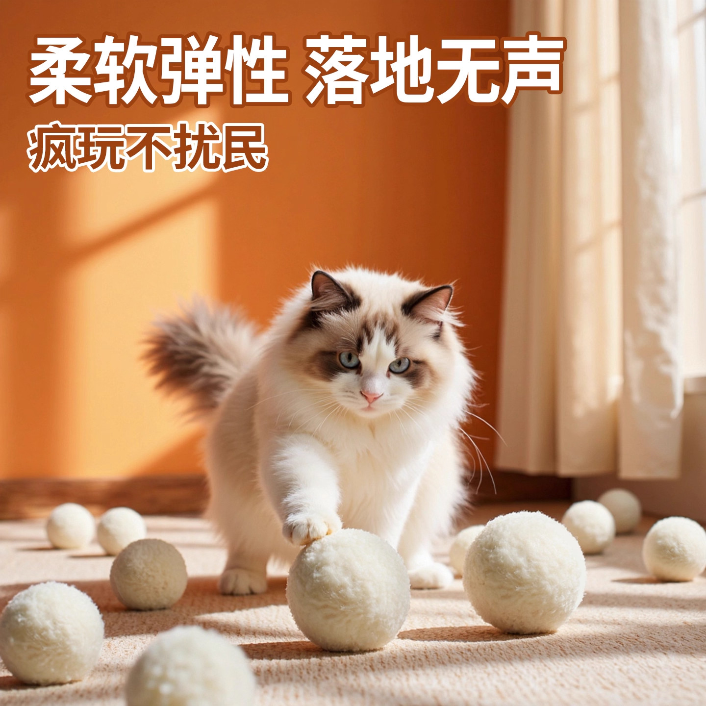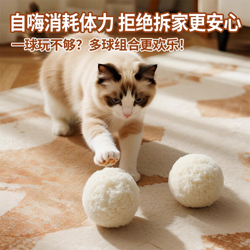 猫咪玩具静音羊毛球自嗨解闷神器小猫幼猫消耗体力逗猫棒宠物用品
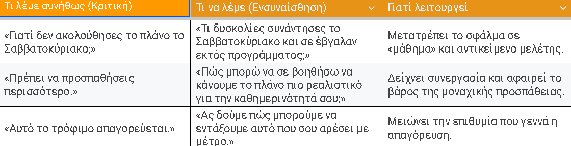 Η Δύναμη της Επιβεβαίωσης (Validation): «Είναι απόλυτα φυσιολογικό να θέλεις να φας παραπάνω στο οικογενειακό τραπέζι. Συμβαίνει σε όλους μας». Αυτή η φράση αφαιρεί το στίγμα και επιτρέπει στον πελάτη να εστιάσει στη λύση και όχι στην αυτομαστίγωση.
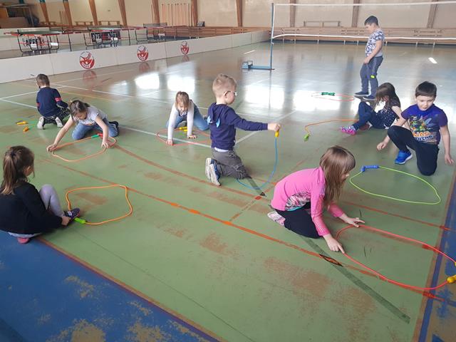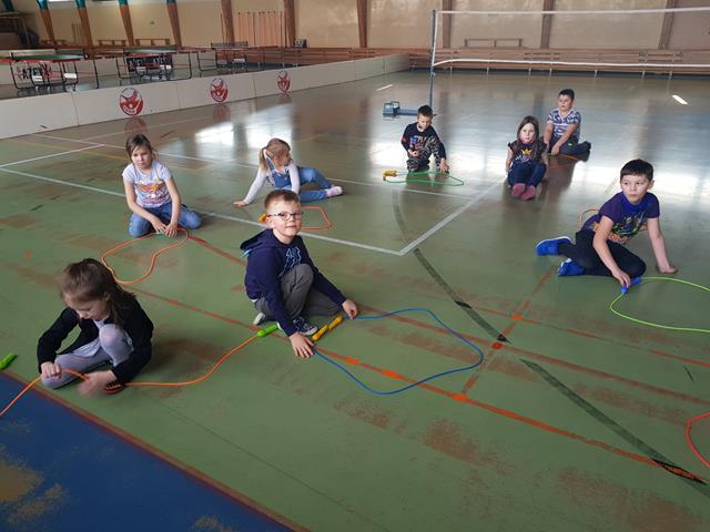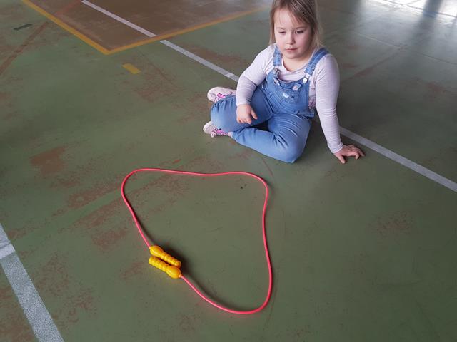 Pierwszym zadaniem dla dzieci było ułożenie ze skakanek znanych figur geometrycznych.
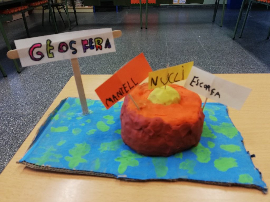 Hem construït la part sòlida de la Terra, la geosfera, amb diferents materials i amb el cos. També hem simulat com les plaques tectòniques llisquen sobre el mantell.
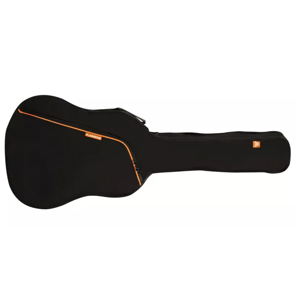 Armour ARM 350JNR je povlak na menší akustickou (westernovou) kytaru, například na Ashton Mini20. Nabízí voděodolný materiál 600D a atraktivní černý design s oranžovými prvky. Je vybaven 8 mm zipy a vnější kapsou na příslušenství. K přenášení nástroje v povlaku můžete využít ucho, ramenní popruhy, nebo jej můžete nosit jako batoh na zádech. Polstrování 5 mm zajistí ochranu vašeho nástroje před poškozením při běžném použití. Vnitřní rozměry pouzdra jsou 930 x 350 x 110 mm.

┄┄┄┄┄┄┄┄┄┄

Your goal: The entries above are to be printed again word for word, with every picture removed.

Written reply:
 猫咪玩具静音羊毛球自嗨解闷神器小猫幼猫消耗体力逗猫棒宠物用品
 Η Δύναμη της Επιβεβαίωσης (Validation): «Είναι απόλυτα φυσιολογικό να θέλεις να φας παραπάνω στο οικογενειακό τραπέζι. Συμβαίνει σε όλους μας». Αυτή η φράση αφαιρεί το στίγμα και επιτρέπει στον πελάτη να εστιάσει στη λύση και όχι στην αυτομαστίγωση.
 Pierwszym zadaniem dla dzieci było ułożenie ze skakanek znanych figur geometrycznych.
 Hem construït la part sòlida de la Terra, la geosfera, amb diferents materials i amb el cos. També hem simulat com les plaques tectòniques llisquen sobre el mantell.
 Armour ARM 350JNR je povlak na menší akustickou (westernovou) kytaru, například na Ashton Mini20. Nabízí voděodolný materiál 600D a atraktivní černý design s oranžovými prvky. Je vybaven 8 mm zipy a vnější kapsou na příslušenství. K přenášení nástroje v povlaku můžete využít ucho, ramenní popruhy, nebo jej můžete nosit jako batoh na zádech. Polstrování 5 mm zajistí ochranu vašeho nástroje před poškozením při běžném použití. Vnitřní rozměry pouzdra jsou 930 x 350 x 110 mm.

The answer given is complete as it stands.